That's a known goof that got errata'd. You can find the correct text under entries like Dwarf or the beginning of the Monstrous Manual.

Huh, strange thing for the SRD to miss. Both the PHB and the Basic Rules have had it complete from the start:

"Many creatures in fantasy gaming worlds, especially those that dwell underground, have darkvision. Within a specified range, a creature with darkvision can see in dim light as if it were bright light and in darkness as if it were dim light, so areas of darkness are only lightly obscured as far as that creature is concerned. However, the creature can't discern color in that darkness, only shades of gray."
 

Reynard

Legend
Huh, strange thing for the SRD to miss. Both the PHB and the Basic Rules have had it complete from the start:

"Many creatures in fantasy gaming worlds, especially those that dwell underground, have darkvision. Within a specified range, a creature with darkvision can see in dim light as if it were bright light and in darkness as if it were dim light, so areas of darkness are only lightly obscured as far as that creature is concerned. However, the creature can't discern color in that darkness, only shades of gray."
My guess is WotC never updated the SRD. Sometimes I really, really HATE that they don't treat it like Paizo does.
 

Darkvision does not say, according to the SRD, anything about seeing better in dim light.

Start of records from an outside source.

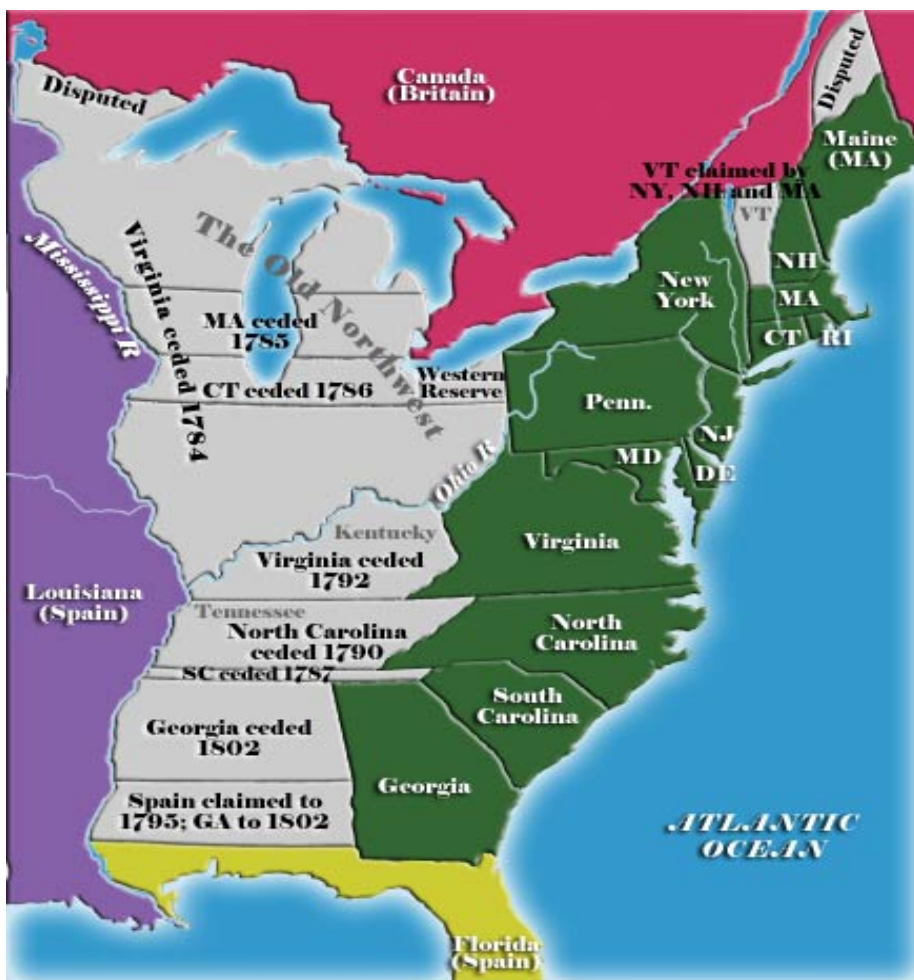
5 pav. Valstijų ekspansija į Vakarus 57

XVIII a. 8-ojo dešimtmečio pabaigoje septynios iš trylikos valstijų turėjo labai ryškių pretenzijų dėl žemių Vakaruose. Šios septynios žemes turinčios valstijos turėjo aiškų pranašumą prieš šešias „bežemes“ valstijas.
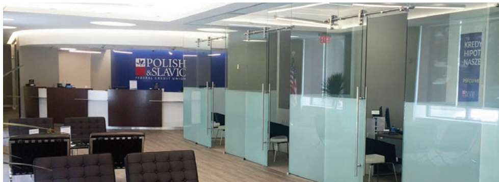
Wnętrze oddziału PSFCU w Wallington, NJ

Po raz pierwszy Polsko-Słowiańska Federalna Unia Kredytowa będzie głównym sponsorem Pieszej Polonijnej Pielgrzymki Maryjnej. Odbędzie się ona w dniach 13-14 sierpnia br. a pielgrzymi pokonają tradycyjnie trasę z kościoła św. Michała w południowym Chicago, poprzez Sanktuarium Matki Bożej Ludźmierskiej w Muster, Indiana aż do Sanktuarium Matki Bożej Częstochowskiej w Merrillville, Indiana. Serdecznie zapraszamy do udziału w pielgrzymce, którą zakończy uroczysta msza niedzielna o godz 14:00 dla kilku
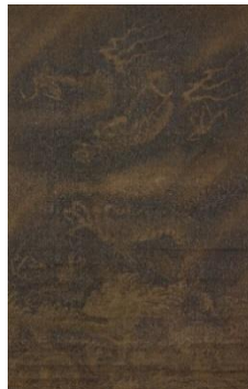
2 (伝)劉祥「雲龍圖」(明時代16世紀、前期展示、永青文庫蔵)

"Within a specified range, a creature with darkvision can see in darkness as if the darkness were dim light, so areas of darkness are only lightly obscured as far as that creature is concerned. However, the creature can’t discern color in darkness, only shades of gray"

Sadly you looked into the wrong srd:

This is straight from the elven entry:

"Darkvision. Accustomed to twilit forests and the night sky, you have superior vision in dark and dim conditions. You can see in dim light within 60 feet of you as if it were bright light, and in darkness as if it were dim light. You can't discern color in darkness, only shades of gray."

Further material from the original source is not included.